Saved entries

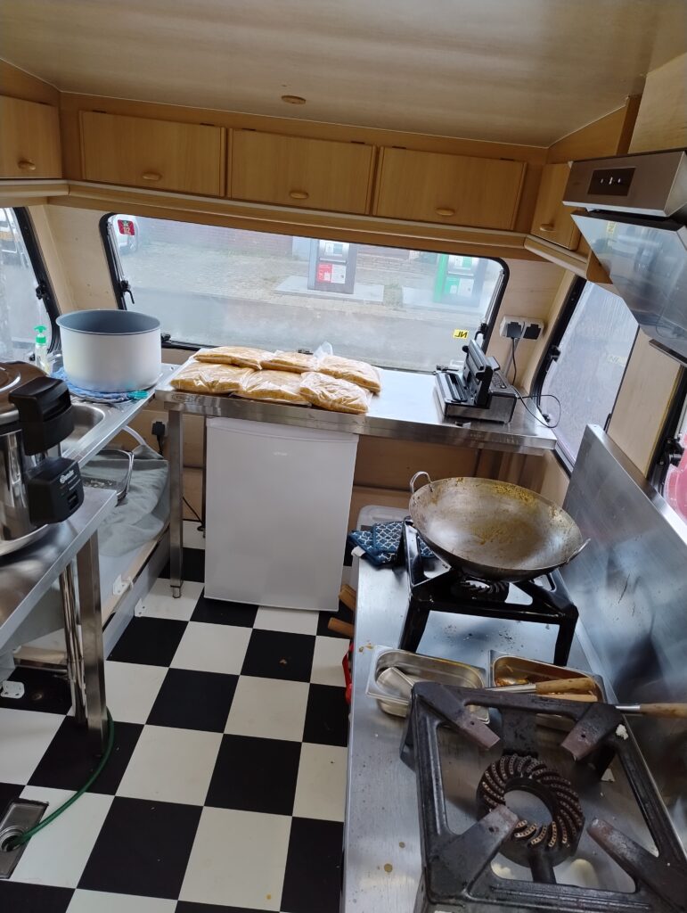 11-06-2024 Toen ging het opeens allemaal wel heel snel, binnen een maand stond ongeveer al het apparatuur evenals de werktafels in de foodtruck. De afzuigkap is netjes afgewerkt, er is een spatwand gemaakt voor achter de wok branders en er is een wasbak met stromend water vanuit een watertank onder de wastafel. Gelijk maar even alles uitgetest door de voorbereidingen erin te doen voor het eerste festival wat op de planning staat.
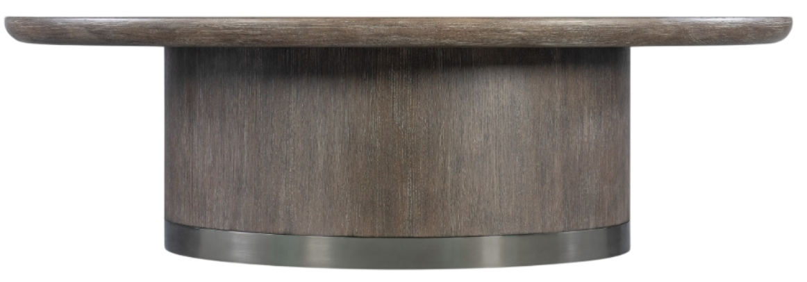 Sleek and stylish with a simple and timeless round profile, the Modern Mood cocktail table combines quartered oak veneers with a metal-wrapped band around the base in a warm pewter finish. Crafted of quartered oak veneers in a dark mink finish, the table has matched veneers on the top and is finished on all sides.Read More
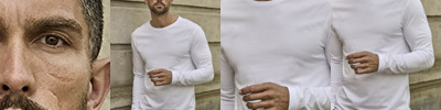 100% ringspun combed cotton. Double pre-shrunk.Slim fit.Narrow ribbed collar with elastane.Taped neck and shoulders.Self fabric cuffs with elastane.Twin needle stitching.60°C wash.
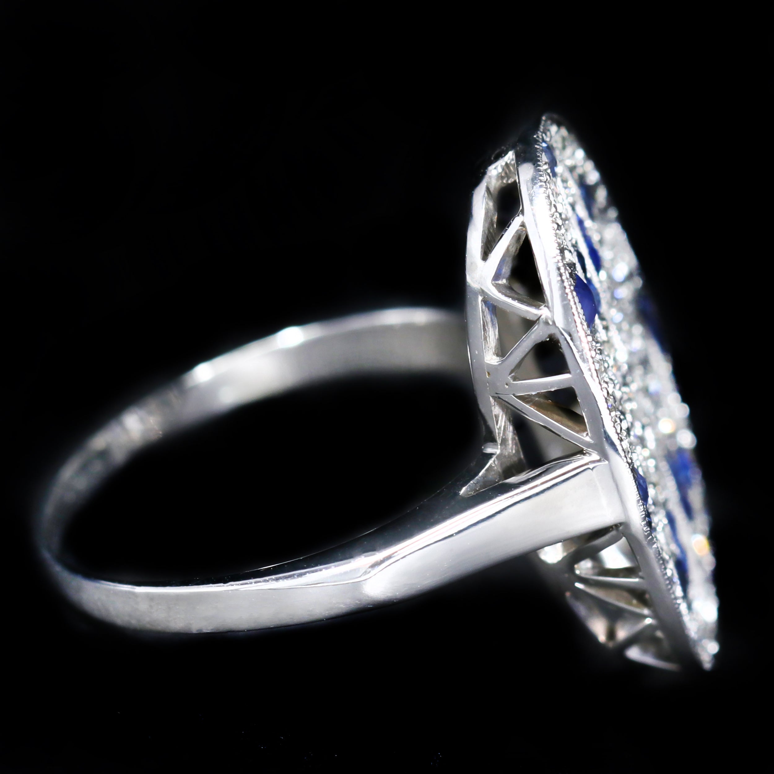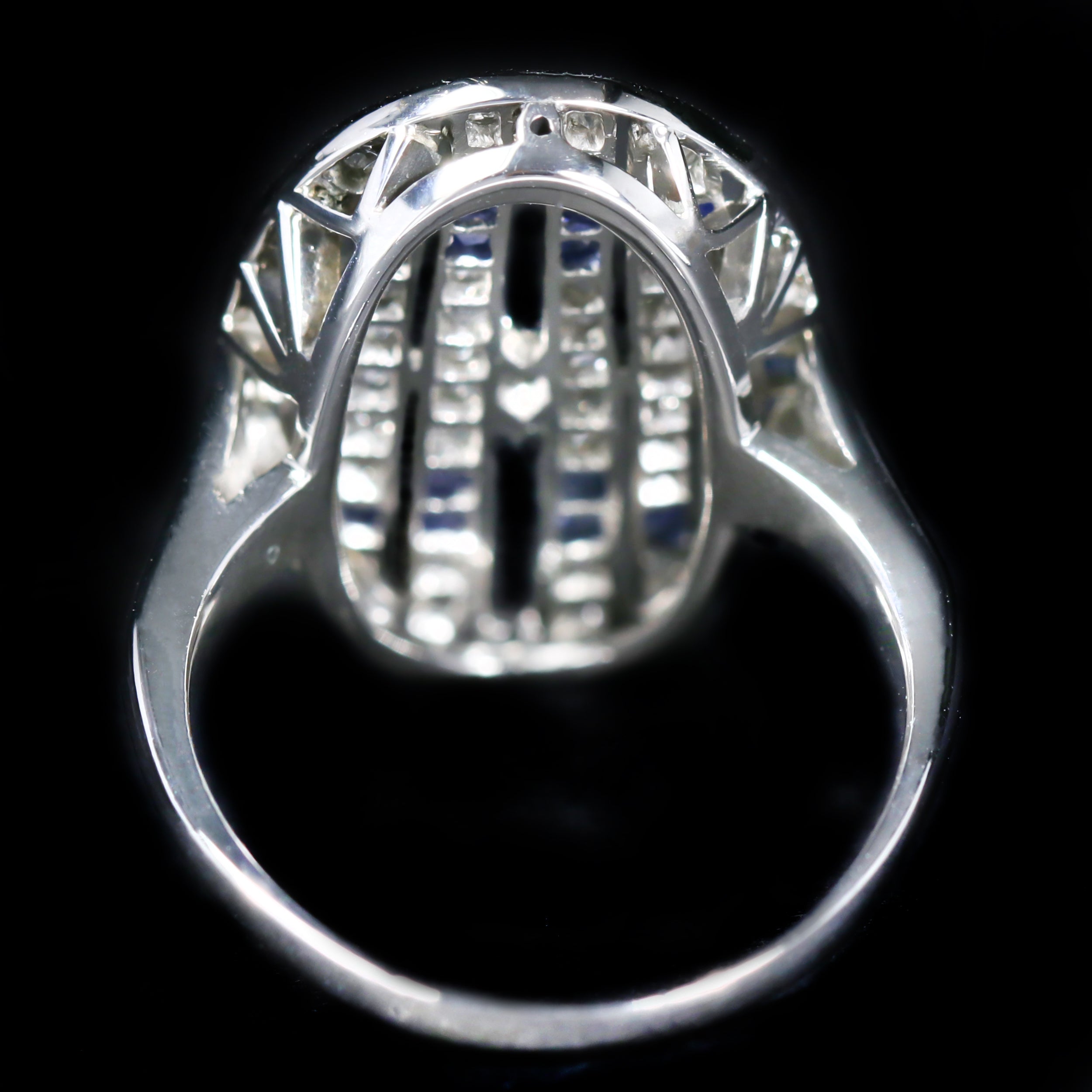 • Stones: 17 French Cut Sapphires (Synthetic and Natural) (approx. 0.10 carats total weight); 52 Single Cut Diamonds (approx. 0.40 carats total weight, I1 clarity, I/J color)
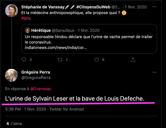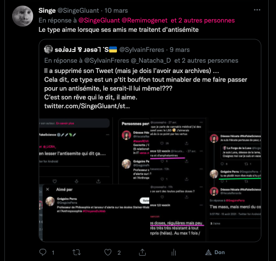 _ G.P 🐀 n’aime pas la biodynamie ni l’anthroposophie dis donc… https://twitter.com/RatSongeur/status/1502776501216980994?s=20&t=44TtZAV2LMU9Woj8h_q92w – Tu me renifles encore le derche dis donc!?? https://twitter.com/RatSongeur/status/1502781611510833157?s=20&t=44TtZAV2LMU9Woj8h_q92w – Que tu n’aurais pas du me traiter d’antisémite! https://twitter.com/RatSongeur/status/1502783861775818758?s=20&t=44TtZAV2LMU9Woj8h_q92w –
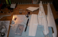 K němu jsem koupil motor RAY 3530/14, kvůli kterému jsem musel z důvodu rozměrů uříznout čumák, na něj přilepit motorovou přepážku, přišroubovat motor, a teprve na tuto přepážku nalepit zpátky uříznutý a vydlabaný čumák. Hmotnost a výkon motoru se mi zdála ideální, kdyby náhodou měl startovat s plováky z vody.
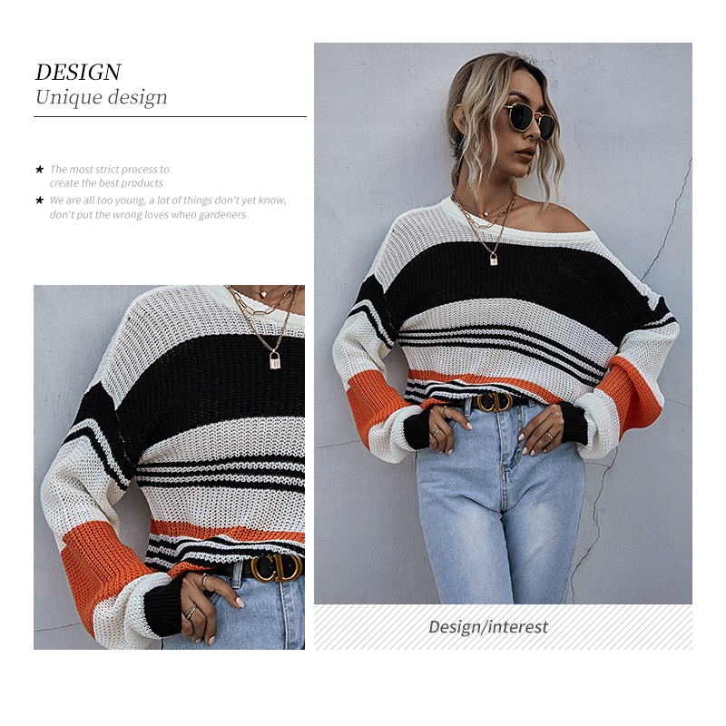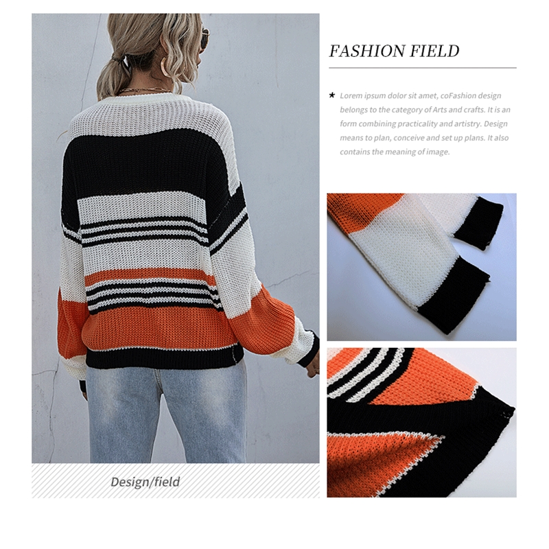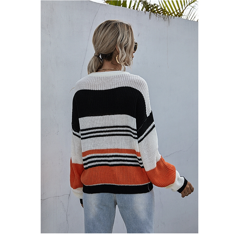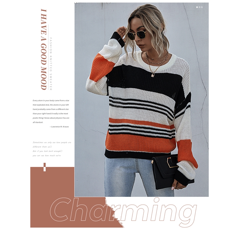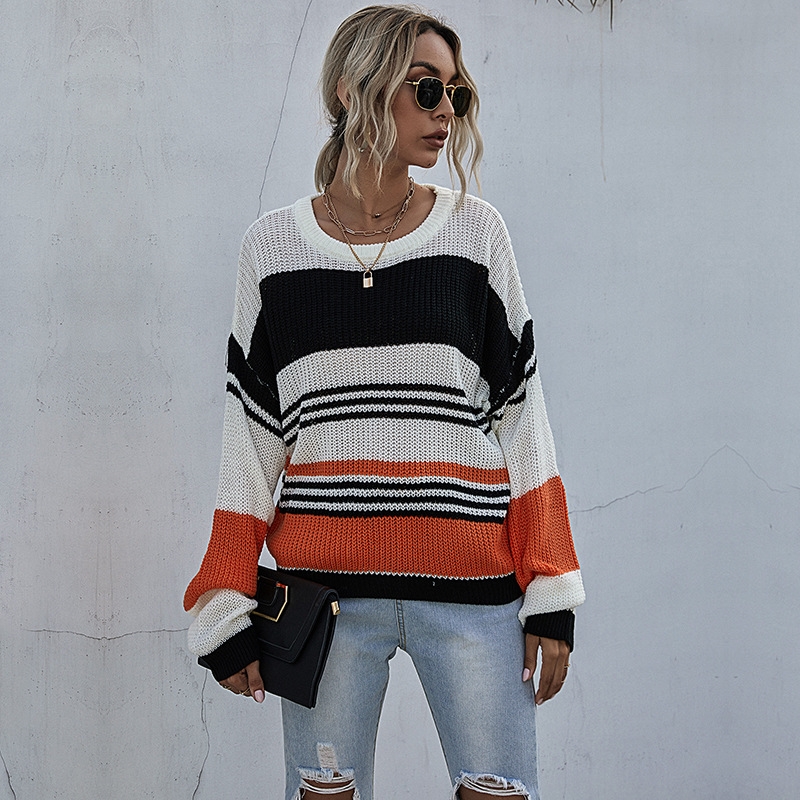 Casual Loose Contrast Color Striped Thin Sweater
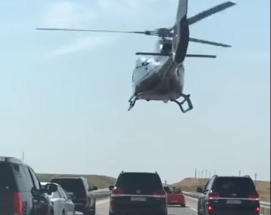 Na video-snimku se vide luksuzni automobili kao i helikopter koji leti bukvalno nekoliko metara iznad puta u sastavu kolone.
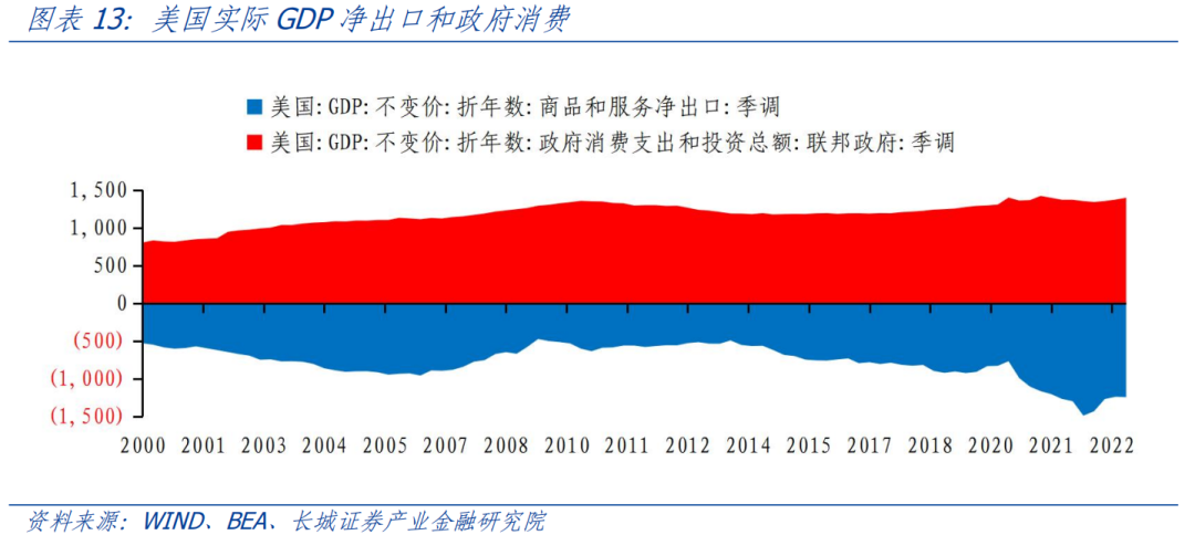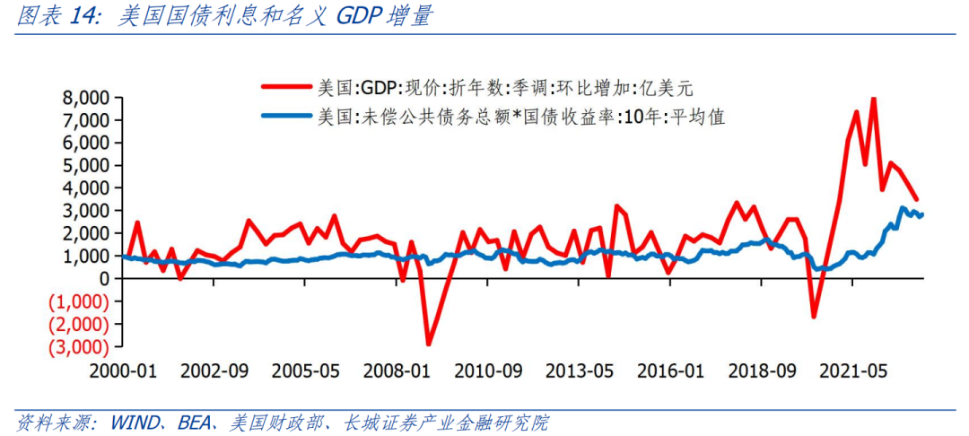 由于劳动力成本的快速上升,美国贸易品竞争优势下降,贸易赤字增加。为了弥补贸易赤字的影响,财政赤字不得不大幅增加。2022年贸易赤字为9511.87亿美元,创历史新高;联邦政府财政赤字为1.42万亿美元;联邦政府支出为6.29万亿美元。美国政府要维持财政支出驱动经济增长的趋势,政府债务可持续性就显得尤为重要。

> **About this task**: Write out again exactly the lines above from the one with "G.P 🐀 n’aime" through the one with "Casual Loose Contrast", adding no other lines and no pictures.

> **Task response**:
 _ G.P 🐀 n’aime pas la biodynamie ni l’anthroposophie dis donc… https://twitter.com/RatSongeur/status/1502776501216980994?s=20&t=44TtZAV2LMU9Woj8h_q92w – Tu me renifles encore le derche dis donc!?? https://twitter.com/RatSongeur/status/1502781611510833157?s=20&t=44TtZAV2LMU9Woj8h_q92w – Que tu n’aurais pas du me traiter d’antisémite! https://twitter.com/RatSongeur/status/1502783861775818758?s=20&t=44TtZAV2LMU9Woj8h_q92w –
 K němu jsem koupil motor RAY 3530/14, kvůli kterému jsem musel z důvodu rozměrů uříznout čumák, na něj přilepit motorovou přepážku, přišroubovat motor, a teprve na tuto přepážku nalepit zpátky uříznutý a vydlabaný čumák. Hmotnost a výkon motoru se mi zdála ideální, kdyby náhodou měl startovat s plováky z vody.
 Casual Loose Contrast Color Striped Thin Sweater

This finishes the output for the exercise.